* [About this exercise]:
Write the data out again exactly, with every picture removed.

* [Recorded information]:
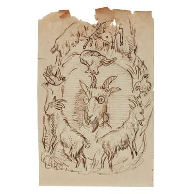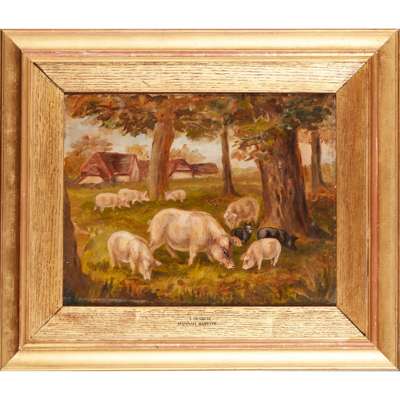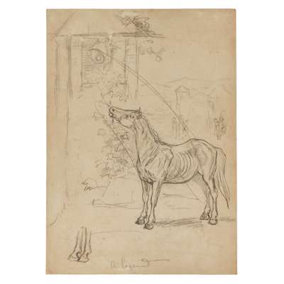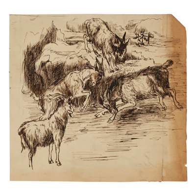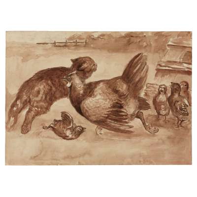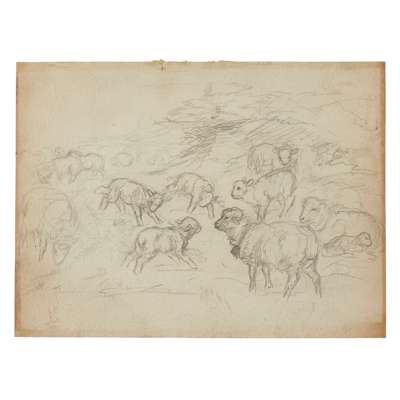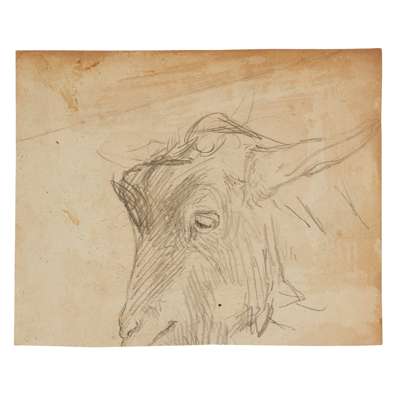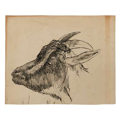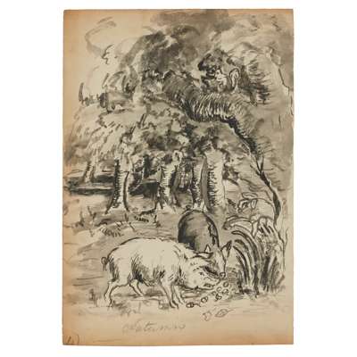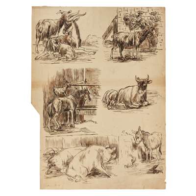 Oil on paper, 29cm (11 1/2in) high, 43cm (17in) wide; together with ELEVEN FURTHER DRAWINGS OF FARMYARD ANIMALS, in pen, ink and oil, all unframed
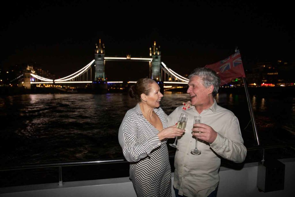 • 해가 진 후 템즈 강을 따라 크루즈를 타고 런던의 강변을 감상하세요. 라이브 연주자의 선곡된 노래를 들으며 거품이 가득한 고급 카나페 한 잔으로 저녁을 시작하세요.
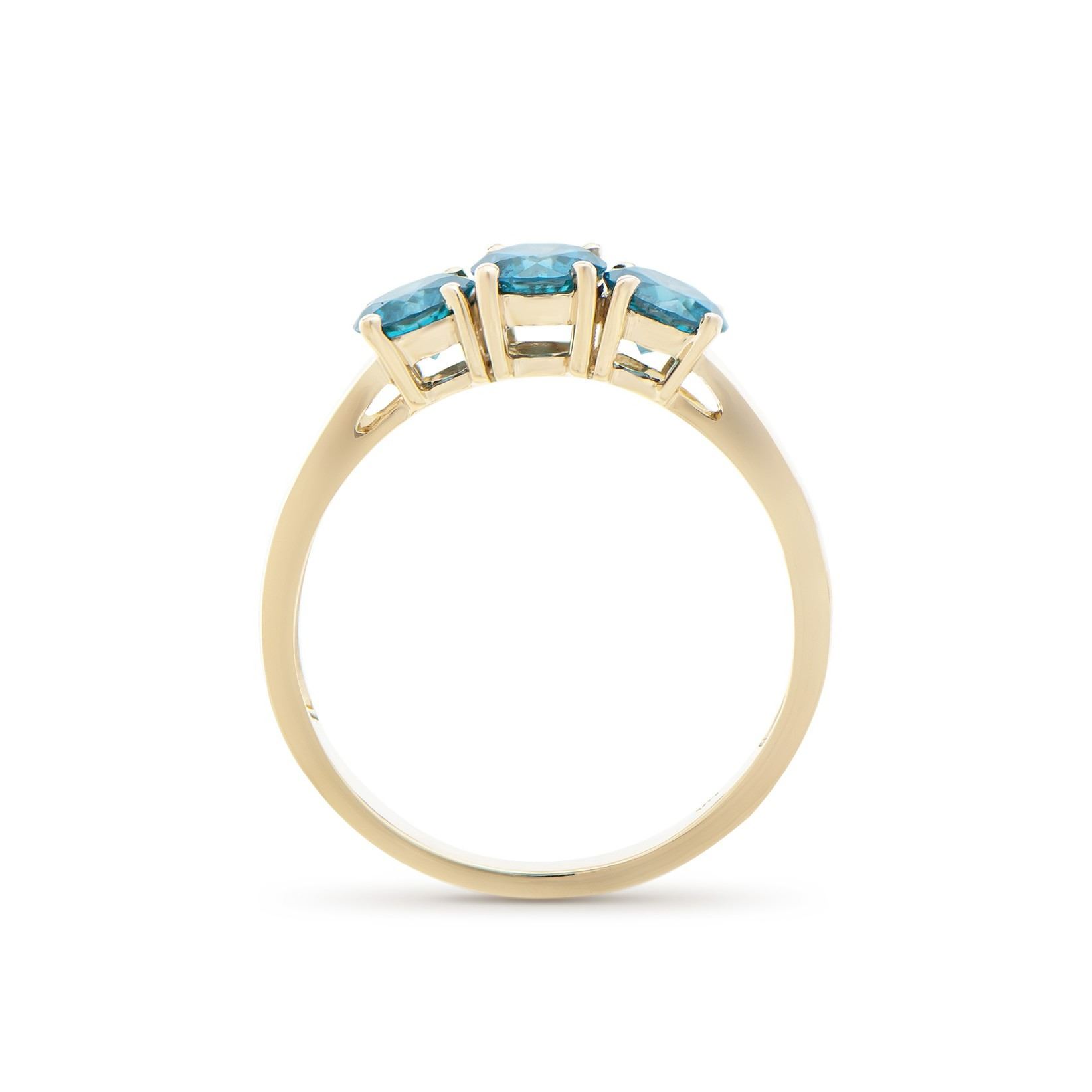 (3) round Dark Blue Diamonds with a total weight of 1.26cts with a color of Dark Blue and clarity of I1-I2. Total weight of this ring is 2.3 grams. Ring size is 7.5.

* [Reply to the exercise]:
 Oil on paper, 29cm (11 1/2in) high, 43cm (17in) wide; together with ELEVEN FURTHER DRAWINGS OF FARMYARD ANIMALS, in pen, ink and oil, all unframed
 • 해가 진 후 템즈 강을 따라 크루즈를 타고 런던의 강변을 감상하세요. 라이브 연주자의 선곡된 노래를 들으며 거품이 가득한 고급 카나페 한 잔으로 저녁을 시작하세요.
 (3) round Dark Blue Diamonds with a total weight of 1.26cts with a color of Dark Blue and clarity of I1-I2. Total weight of this ring is 2.3 grams. Ring size is 7.5.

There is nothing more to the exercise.